Doctors call them supernumerary body parts, but here are a few people who always had a spare hand (or finger, or head...).

1. Anne Boleyn, second wife to Henry VIII of England, is commonly believed to have had 11 fingers and possibly a third breast. Historians believe that she did have an extra finger or at least some sort of growth on her hand that resembled an extra finger, but it is unlikely that she had an extra breast. This rumor may have been started by her enemies because in Tudor times an extra breast was believed to be the sign of a witch.

2. Major league baseball pitcher Antonio Alfonseca has six fingers on each hand, but he claims the extra fingers do not affect his pitching, as they do not usually touch the ball. In most cases of polydactylism (extra fingers or toes), the extra digit has only limited mobility, or cannot be moved at all, and is often surgically removed shortly after birth. The condition is reported in about one child in every 500.

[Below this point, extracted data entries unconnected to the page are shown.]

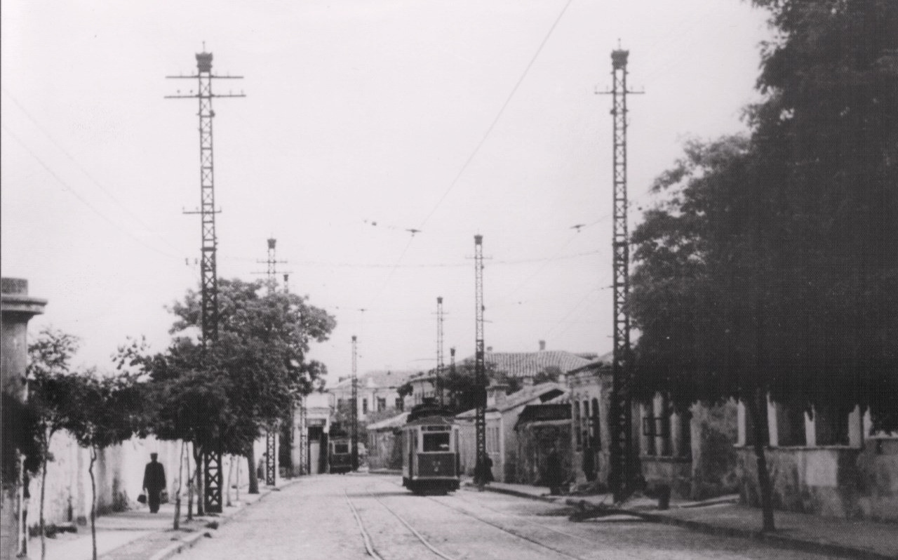 Похоже на оккупацию - контактный провод и литые решетки в колоннаде уже стырены немецкими туристами, телефонные провода невысоко навешены на трамвайные столбы.
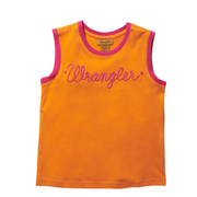 Wrangler Girl's Sleeveless Logo Shirt - Tangerine/Hot Pink
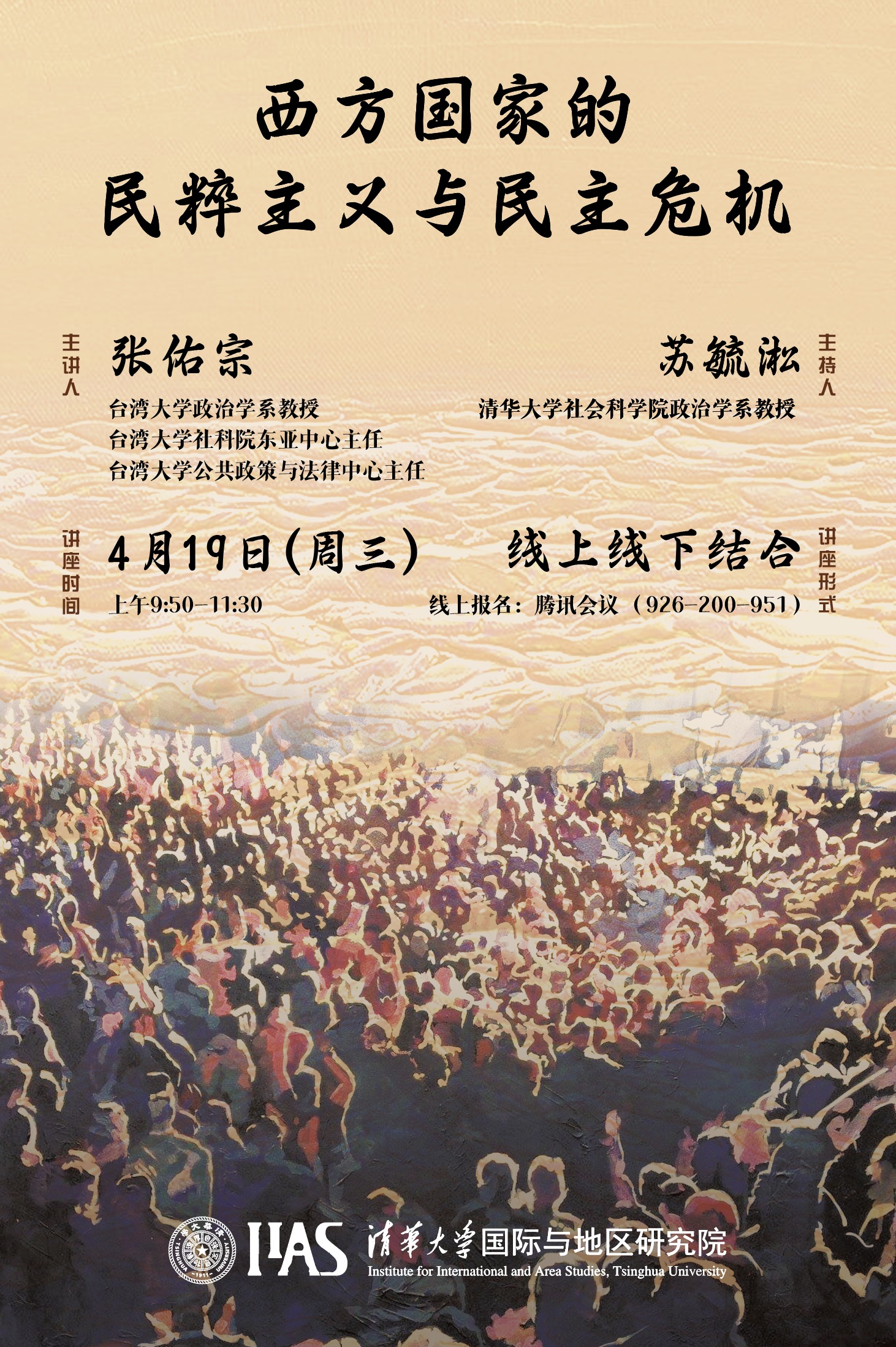 2023年4月19日上午,h图书馆 春季学期 “比较政治发展” 课程延伸讲座 “西方国家的民粹主义与民主危机” 成功在校园和线上平台同步举行。本次讲座由台湾大学政治学系教授、台湾大学社科院东亚中心主任、台湾大学公共政策与法律中心主任张佑宗主讲,h图书馆 社会科学学院政治学系教授苏毓淞主持。h图书馆 博士生、来自国内外高校和科研机构的学者超过150人次参与了本次讲座。在本次讲座中,张佑宗老师...

3. Actor Mark Wahlberg has a third nipple on the left side of his chest. Early in his career, he considered having it removed, but he later came to accept it. Around 2 percent of women and slightly fewer men have a supernumerary nipple, although they are often mistaken for moles. They can be found anywhere between the armpit and groin, and range from a tiny lump (like Wahlberg's) to a small extra breast, sometimes even capable of lactation.

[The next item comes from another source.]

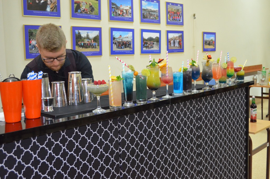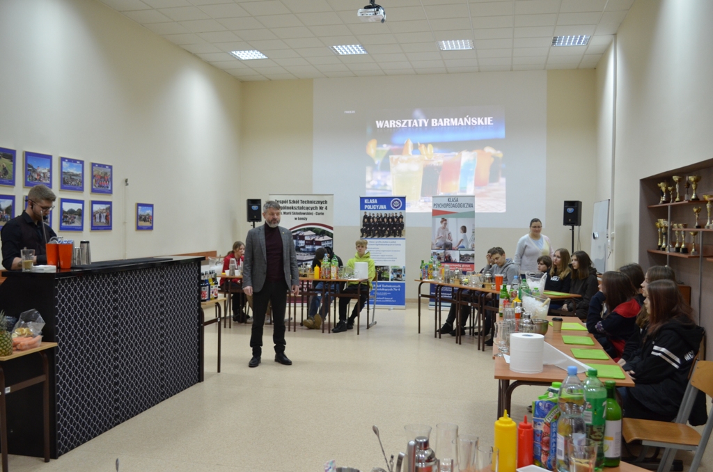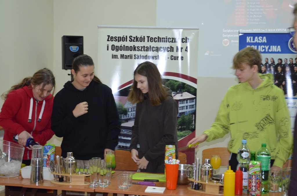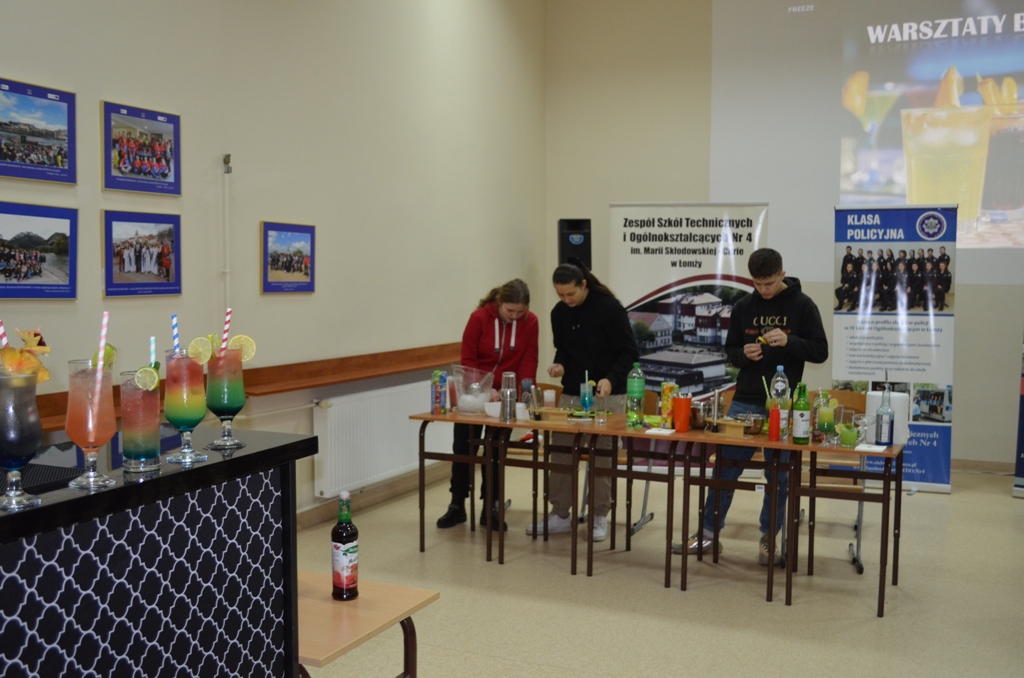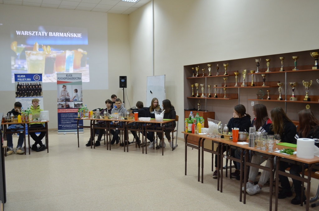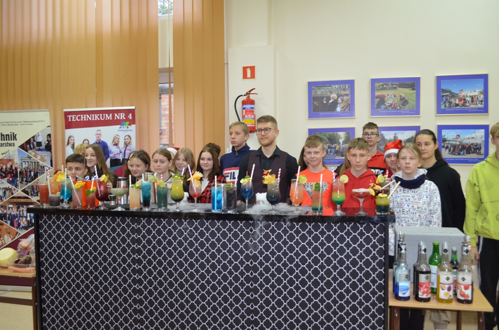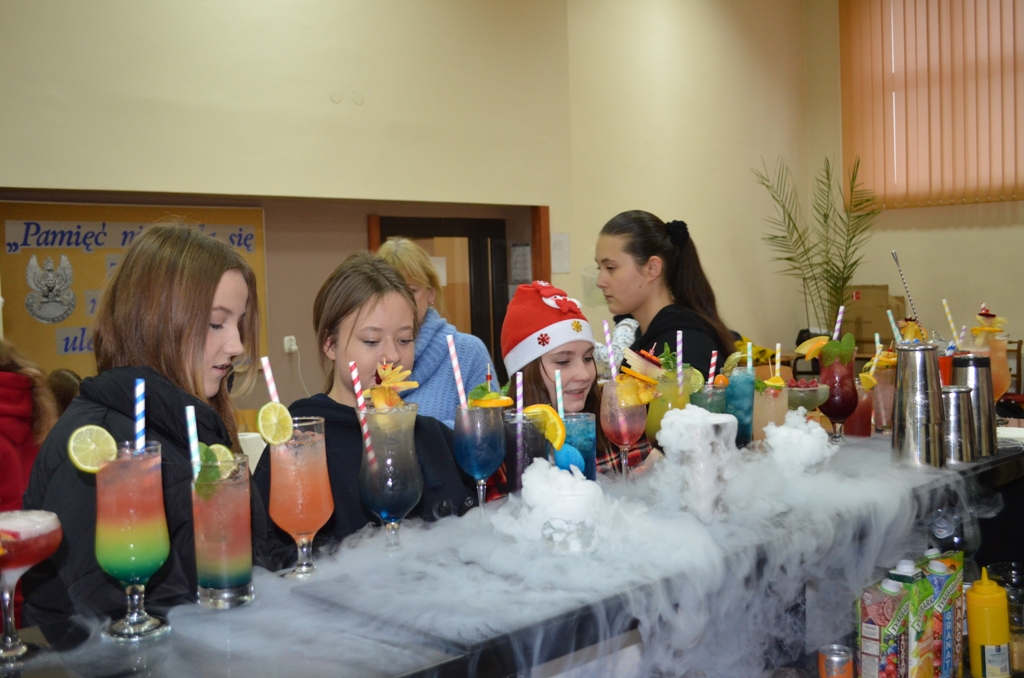 Podczas szkolenia uczniowie wzięli udział w warsztatach barmańskich, w trakcie, których zapoznali się z pracą barmana, oraz technikami przygotowywania owocowych koktajli.

4. In 2006, a 24-year-old man from India checked himself into a New Delhi hospital and asked doctors to remove his extra penis so that he could marry and lead a normal sex life. To protect his privacy, doctors would not disclose his identity or that of the hospital but did confirm that the operation took place. The condition, known as diphallia or penile duplication, is extremely rare, with only around 100 cases ever documented.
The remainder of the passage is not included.